The high-level intuiton behind this is that every time we bribe a watchtower, we need to use marginally more than the collateral we would get back. If we use the byzantine watchtowers to close the channels, then we would lose the whole amount of the collateral that we would have been gaining for free.
Watchtowers could collude to hold funds hostage. In this case, we give the watchtowers that publish on chain the hash of the state to close. We give this to 2f+1 watchtowers a closing fee. In this way, we reduce our problem to a prisoner’s dilemma problem.
But what if the parties actually collude to hold the watchtowers hostage? To solve this problem, we increase the committee size to at least size 8. If the committee is size 7, then this means the byzantine watchtowers can be at most 2. The collateral that every watchtower will lock will be v/2 so half the value of the channel. But since we have two parties, one of the parties at every point in time will have at least half the value of the channel. So the richest party will always lose more to lock his funds than what every watchtower will be …. So the richest party is always incentivized to close.
It’s better to have more watchtowers. The first reason is that we have high robustness. The second reason is that we have less collateral per watchtower because we want the collateral to be the same in the sum but it doesn’t depend on the size of the committee. Third and most important, we notice that the cost for the parties remain the same because the main cost for the parties is from the updates, so the update fees. The update fees would logically depend on how much collateral the watchtower is locking in the channel lifetime.
We showed a new channel primitive called Brick. This channel primitive is privacy-preserving, it is incentive-compatible, it has good performance and it’s also asynchronous which means it can withstand liveness attacks such as censorship and congestion.

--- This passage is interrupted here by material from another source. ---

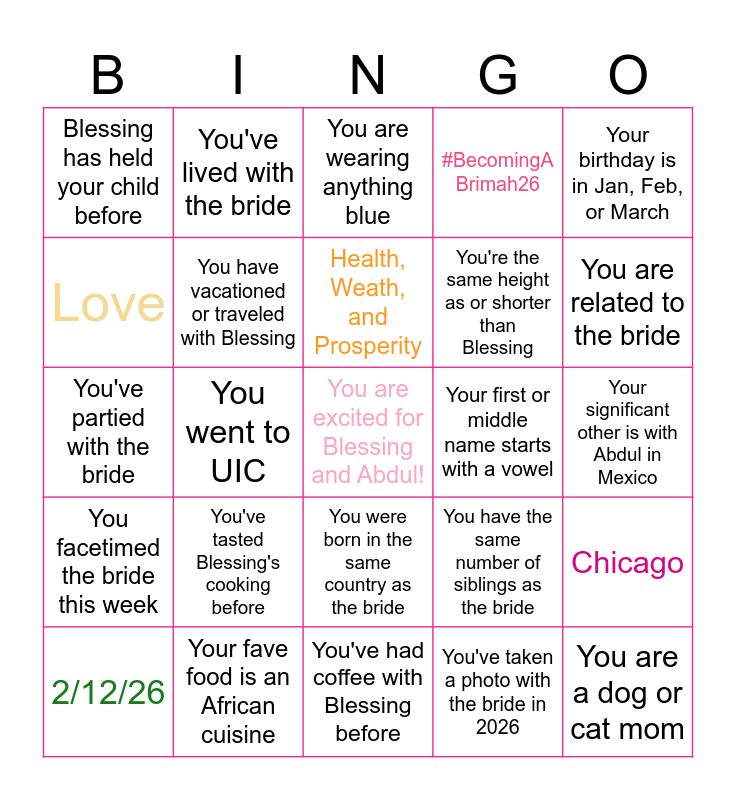 This bingo card has a free space and 30 words: Your fave food is an African cuisine, You are over the age of 30, You went to UIC, You have a piercing that's not on your ear, Blessing has held your child before, You are wearing anything blue, You have vacationed or traveled with Blessing, You were born in the same country as the bride, Your first or middle name starts with a vowel, You've had coffee with Blessing before, Your significant other is with Abdul in Mexico, You are a dog or cat mom, You've taken a photo with the bride in 2026, You have a tattoo, You are related to the bride, You've been on a bridal train with Blessing in the past, You have the same number of siblings as the bride, You facetimed the bride this week, You've tasted Blessing's cooking before, Your birthday is in Jan, Feb, or March, You've partied with the bride, You've watched anime with Blessing, You've lived with the bride, You're the same height as or shorter than Blessing, Love, #BecomingA Brimah26, Chicago, 2/12/26, Health, Weath, and Prosperity and Marriage.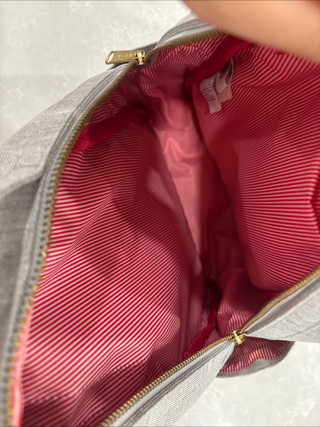 Selling a Herschel Nova Sprout Diaper Backpack in a lovely grey colour! It's in great condition and ready for a new home. Perfect for parents on the go, it combines style and functionality seamlessly. The interior has a red and white striped lining.

As before, we need collateral which is going to be true for any incentive-compatible solution with watchtowers and channels. The reason for this is simple. We also prove a lower bound of the collateral and this is the value of the channel. If we have watchtowers that lock less value than in the channel, then a party can make profit by bribing watchtowers and closing the channel and claiming all the money in the channel. We can’t prove security in that case.

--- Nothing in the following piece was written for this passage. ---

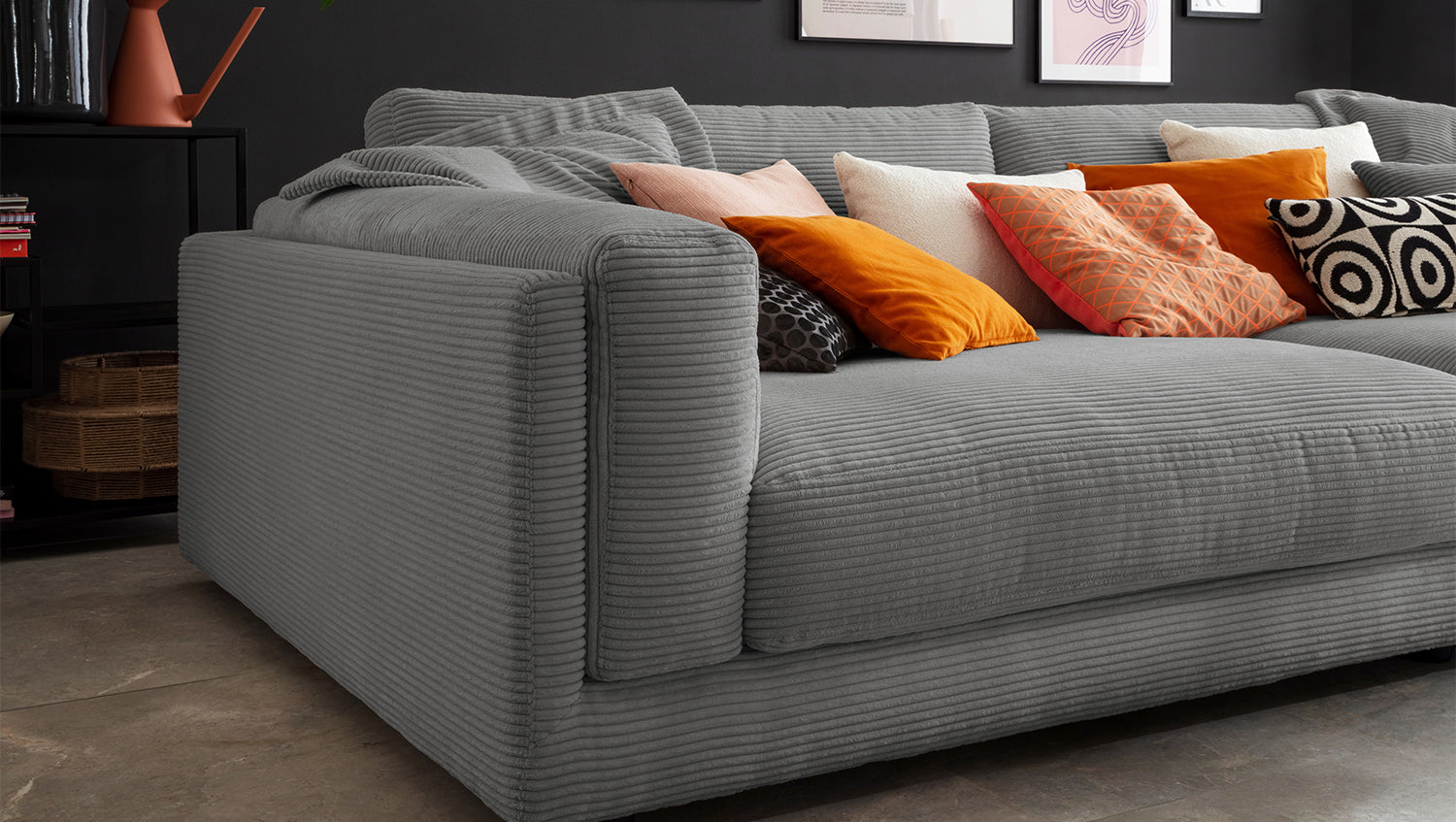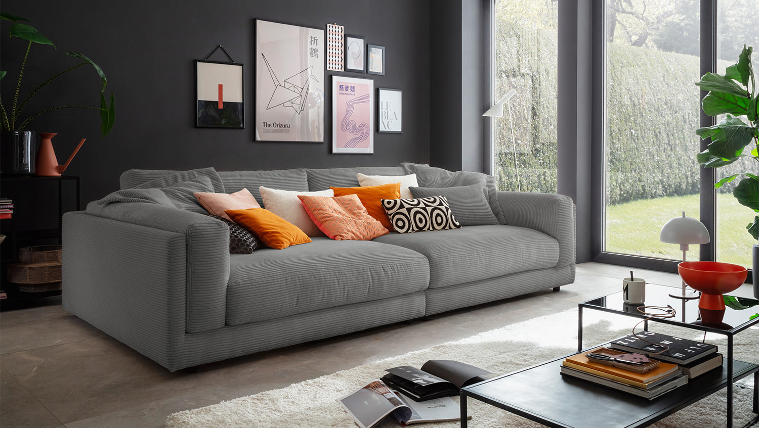 KAWOLA Sofá extra ancho RAINA Pana gris

We update fees through a one-way channel. The reason we do that is because if we give the fees with a state update, then the two parties can close the channel collaboratively and never give the fees to the watchtower.
We also provide some extensions to Brick: we allow for watchtower replacement. If the watchtower wants to withdraw service before the closing of the channel, he can find a willing candidate and replace his own identity with a new watchtower and then change the collaterals. The other extension we provide is auditability. We present Brick+ for permissioned blockchains… it allows an entity to audit the state history. To do this, we don’t allow the two parties to close the channel in collaboration. We force the parties to close the channels by using the watchtower, otherwise the two parties can collaborate and lie to the auditor.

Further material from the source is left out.